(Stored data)

-=-=-

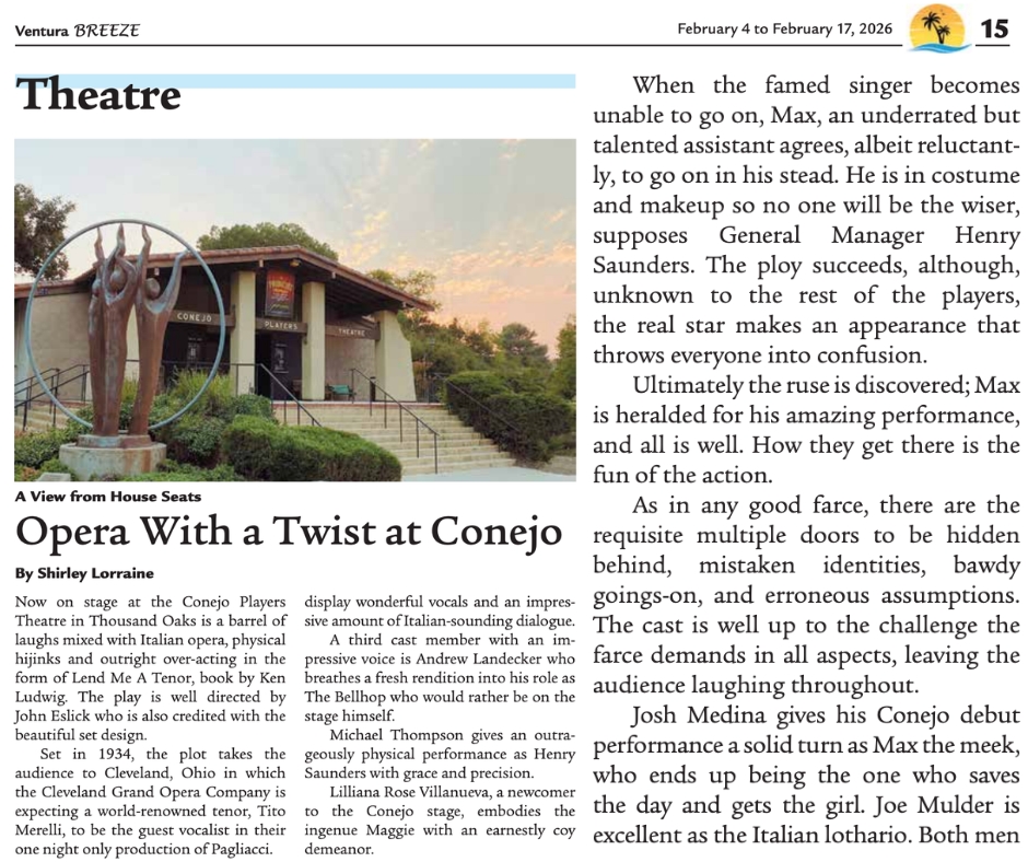 Ventura Breeze gives the play a very positive review; “Now on stage at the Conejo Players Theatre in Thousand Oaks is a barrel of laughs mixed with Italian opera, physical hijinks… The play is well directed by John Eslick who is also credited with the beautiful set design.”
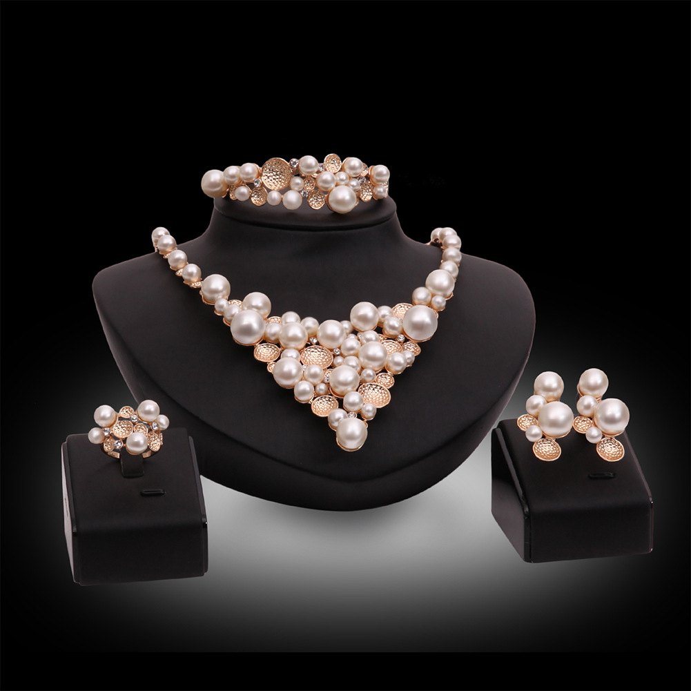 Asian gold geometric wave temperament pearl earring set
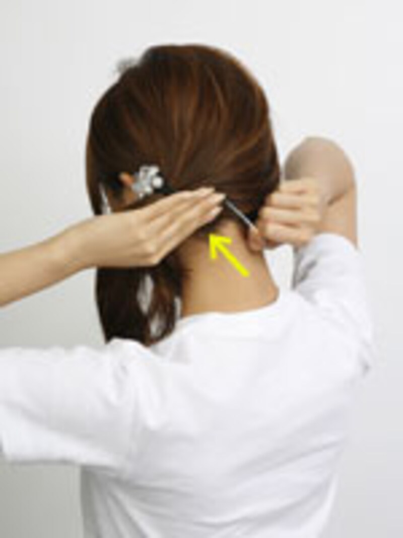 後れ毛をピンで留めます。後れ毛を隠すことで、結び目と反対側のサイドがよりスッキリしてくるので完成度が上がりますよ。
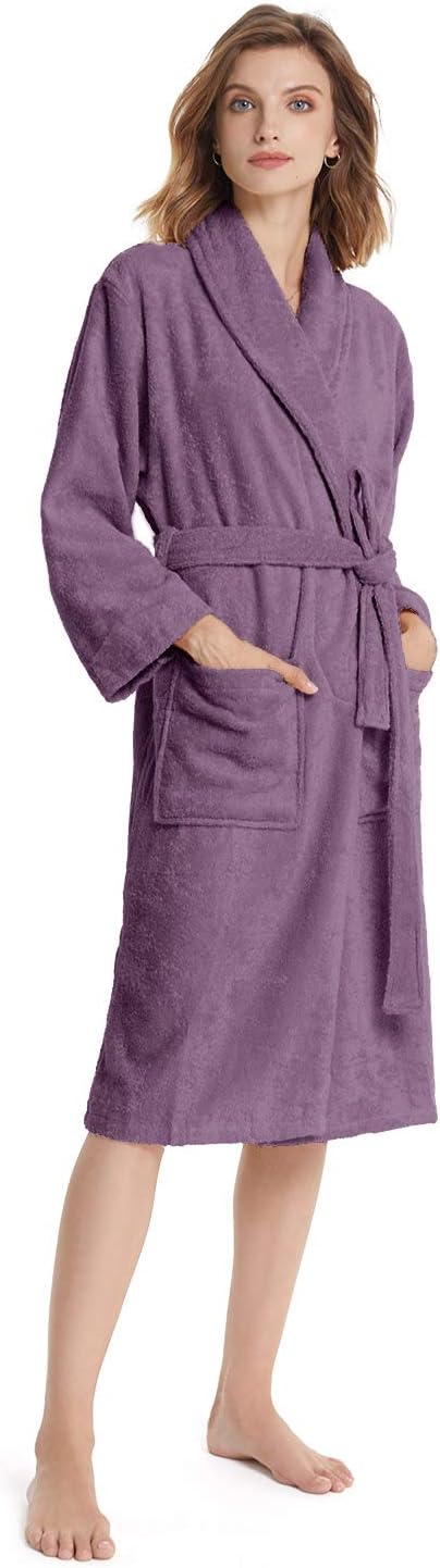 SIORO Women Cotton Terry Cloth Robes, Soft Plush Spa Bathrobe with Shawl Collar, Towel nightgrown Bath for Pool, Gym, Travel
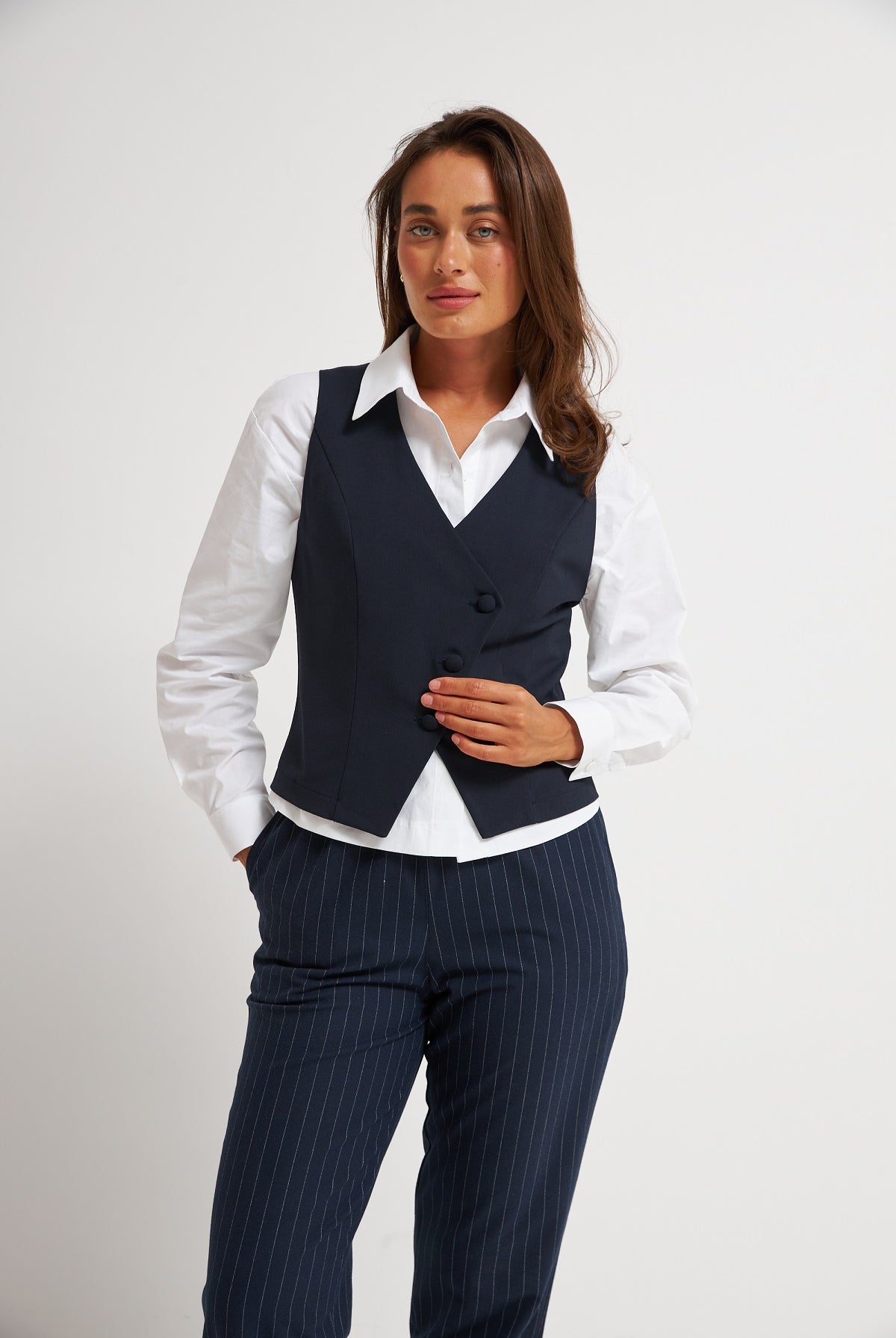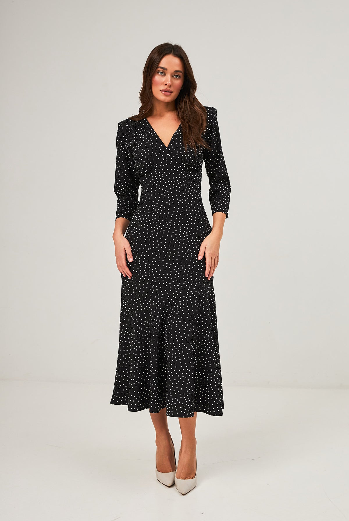 Напівприлеглий силует делікатно підкреслює жіночність. Лаконічний крій візуально витягує зріст, створюючи витончений вертикальний акцент.
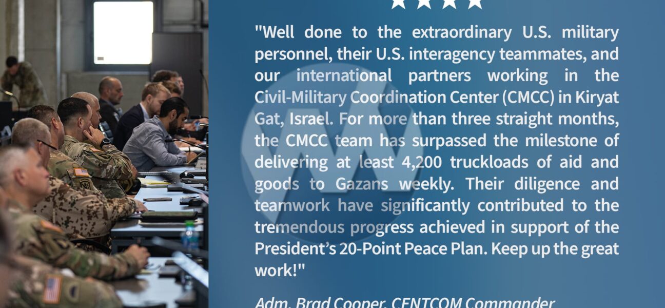 Commander of U.S. Central Command, Adm. Brad Cooper, praised U.S., interagency, and international teams for delivering thousands of truckloads of humanitarian aid to Gaza each week and for their role.
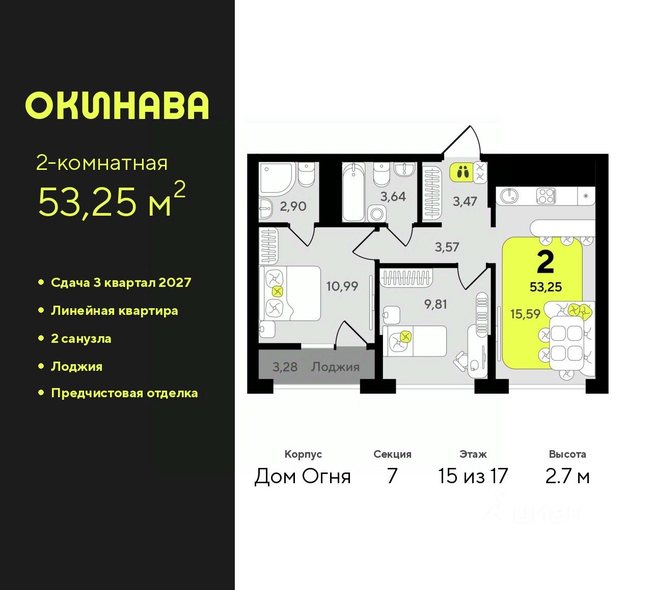 Продается двухкомнатная квартира от застройщика с предчистовой отделкой в ЖК "Окинава" на 15 этаже. Общая площадь: 53.25 кв.м., жилая: 20.8 кв.м., площадь просторной кухни-столовой: 15.59 кв.м. Комнаты изолированные, все окна выходят на одну сторону. В квартире одна лоджия, два совмещенных санузла. Высота потолков 2.7 м.
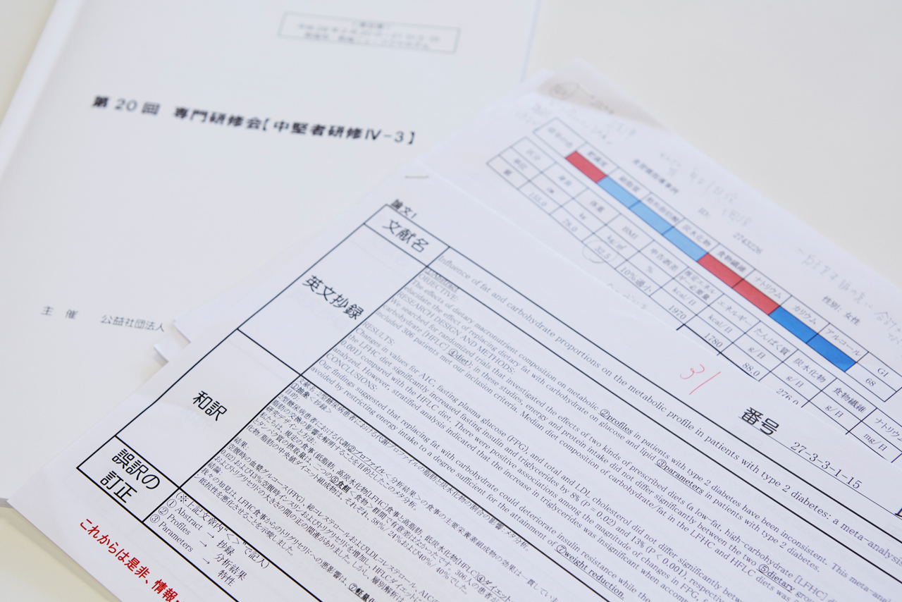 福祉事業部の中堅者研修では、各自の食事アセスメントの個人結果帳票を用いた食習慣指導法をグループワークで行い、ロールプレイで発表し、受講生同士が質問・討議することで、対象者の食べ方に合わせた食習慣指導を習得できることやこの機会にしか得られない他者の考え方も多いそう。前述にある「日本人の食事摂取基準」の監修者である東京大学大学院・教授の佐々木敏先生、管理栄養士の教育ツール「TNT-D」(日本栄養士会)のアドバイザーを担当した武庫川女子大学・教授の雨海照祥先生が質問・討議に加わり、アドバイスしてくださるという貴重な体験ができることにおいても、「非常に贅沢な研修会だと思います」と話す市川さんの体験談には、ポジティブな意見や大変さを示唆する言葉もありました。

-=-=-

HOW TO COMPLETE THIS TASK = Give every line of the records above again, exactly, and omit the pictures.

SOLUTION FOR THIS EXERCISE =
 Ventura Breeze gives the play a very positive review; “Now on stage at the Conejo Players Theatre in Thousand Oaks is a barrel of laughs mixed with Italian opera, physical hijinks… The play is well directed by John Eslick who is also credited with the beautiful set design.”
 Asian gold geometric wave temperament pearl earring set
 後れ毛をピンで留めます。後れ毛を隠すことで、結び目と反対側のサイドがよりスッキリしてくるので完成度が上がりますよ。
 SIORO Women Cotton Terry Cloth Robes, Soft Plush Spa Bathrobe with Shawl Collar, Towel nightgrown Bath for Pool, Gym, Travel
 Напівприлеглий силует делікатно підкреслює жіночність. Лаконічний крій візуально витягує зріст, створюючи витончений вертикальний акцент.
 Commander of U.S. Central Command, Adm. Brad Cooper, praised U.S., interagency, and international teams for delivering thousands of truckloads of humanitarian aid to Gaza each week and for their role.
 Продается двухкомнатная квартира от застройщика с предчистовой отделкой в ЖК "Окинава" на 15 этаже. Общая площадь: 53.25 кв.м., жилая: 20.8 кв.м., площадь просторной кухни-столовой: 15.59 кв.м. Комнаты изолированные, все окна выходят на одну сторону. В квартире одна лоджия, два совмещенных санузла. Высота потолков 2.7 м.
 福祉事業部の中堅者研修では、各自の食事アセスメントの個人結果帳票を用いた食習慣指導法をグループワークで行い、ロールプレイで発表し、受講生同士が質問・討議することで、対象者の食べ方に合わせた食習慣指導を習得できることやこの機会にしか得られない他者の考え方も多いそう。前述にある「日本人の食事摂取基準」の監修者である東京大学大学院・教授の佐々木敏先生、管理栄養士の教育ツール「TNT-D」(日本栄養士会)のアドバイザーを担当した武庫川女子大学・教授の雨海照祥先生が質問・討議に加わり、アドバイスしてくださるという貴重な体験ができることにおいても、「非常に贅沢な研修会だと思います」と話す市川さんの体験談には、ポジティブな意見や大変さを示唆する言葉もありました。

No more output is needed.